In attempting to expand my thoughts on what we imagine surveillers might do recently, I considered starting with the question: if an e-mail lies on a hard drive, does it make a sound? My purpose was to challenge the centrality of data collection in debates about privacy and surveillance. If data about someone is collected on a computer, but no human ever looks at it, is that person's privacy invaded?
I happened to be reading Steve Talbott's Devices of the Soul (2006) this week, which gives an answer in a chapter entitled Privacy in an Age of Data. Talbott argues that privacy is properly conceived as being a property possessed by a person, and that the privacy of data is therefore meaningless or at least beside the point. He goes on to say that
the ideal of privacy gains substance only in those primary contexts where we know each other well enough to care (p. 233; emphasis in original).Read in the context of the question above, I take this as a "no".
Talbott takes a somewhat mystical view of humanity, and elsewhere lambasts scientific materialists like Richard Dawkins and Rodney Brooks as "reductionists" for holding that humans are made up of chemicals. In this view, maybe machines can never invade privacy because they don't "care". But, shorn of any mysticism, I take the point to be that privacy only has meaning amongst entities that interact with each other and can make choices about the relationship. Mere knowledge of someone else, without any capacity to have an effect on that person, is simply data.
This tallies with what I experience when I read sordid news stories. Given that I've never met the people involved, and nor am I likely to, I simply take on board the information that people did the things that they're reported to have done. Not because I'm a machine (even if Rodney Brooks et al. are right), but because I have no relationship with those people and no direct capacity to either influence them or be influenced by them. But I doubt that I would react the same way if someone I knew was involved in the same sorts of activities.
But do the subjects of sordid news stories, being on the other side of the experience, feel the same way? I read in the Sydney Morning Herald this weekend that Britain's Prince William and Kate Middleton have accused two photographers of "surveilling" their son (Paparazzi warned off pursuing George, 4 October 2014, p. 26). Prince George presumably isn't involved in anything more sordid than dirty nappies, but his parents clearly aren't happy with some of the attention he's been getting.

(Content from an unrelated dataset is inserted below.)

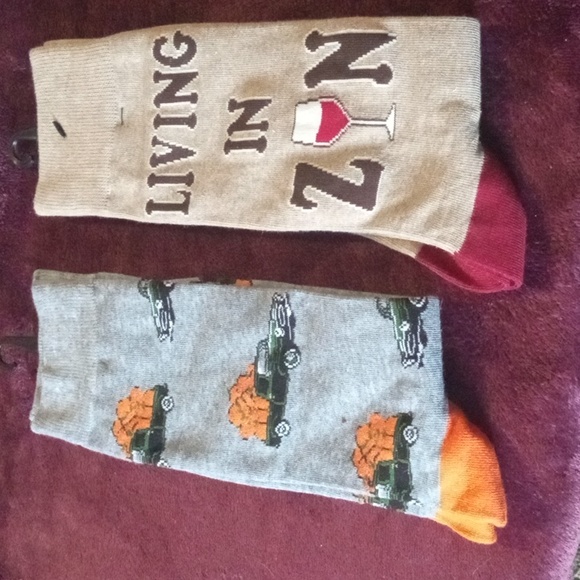 long socks .. sock with truck on it size 6-12 and sock with wine glass on it 10 -13 ..10 dollars for all 2 pair of socks

I'm not a royal-watcher and I can't speak for what kind of relationship royal-watchers think they're in with the family. The royals themselves, I suppose, are in some sort of relationship with the public or at least the media, and perhaps this relationship is the source of their frustration. They are, after all, affected by the public's and the media's treatment of them. (I've often wondered what I'd feel like upon reading about myself in the news but have never had the opportunity to find out.)
Getting back to my hypothetical e-mail, one can imagine a computer system that collects e-mails but takes no action unless a human explicitly asks for it. In fact, traditional e-mail systems work something like this, and I've never heard anyone complain that their privacy has been invaded by an SMTP or IMAP server. I doubt that even Google or the NSA pays human voyeurs to dig through the stuff that they collect.
Of course Google and other ad-supported services do take action on the data they collect; they use it to select the advertisements to be shown to each user. Intelligence agencies use selected information to pursue investigations and make arrests. I'm nonetheless pretty sure that the computer systems involved don't "care" in any human sense, but I'm also sure that critics would say that this is not the point. So does my e-mail make a sound?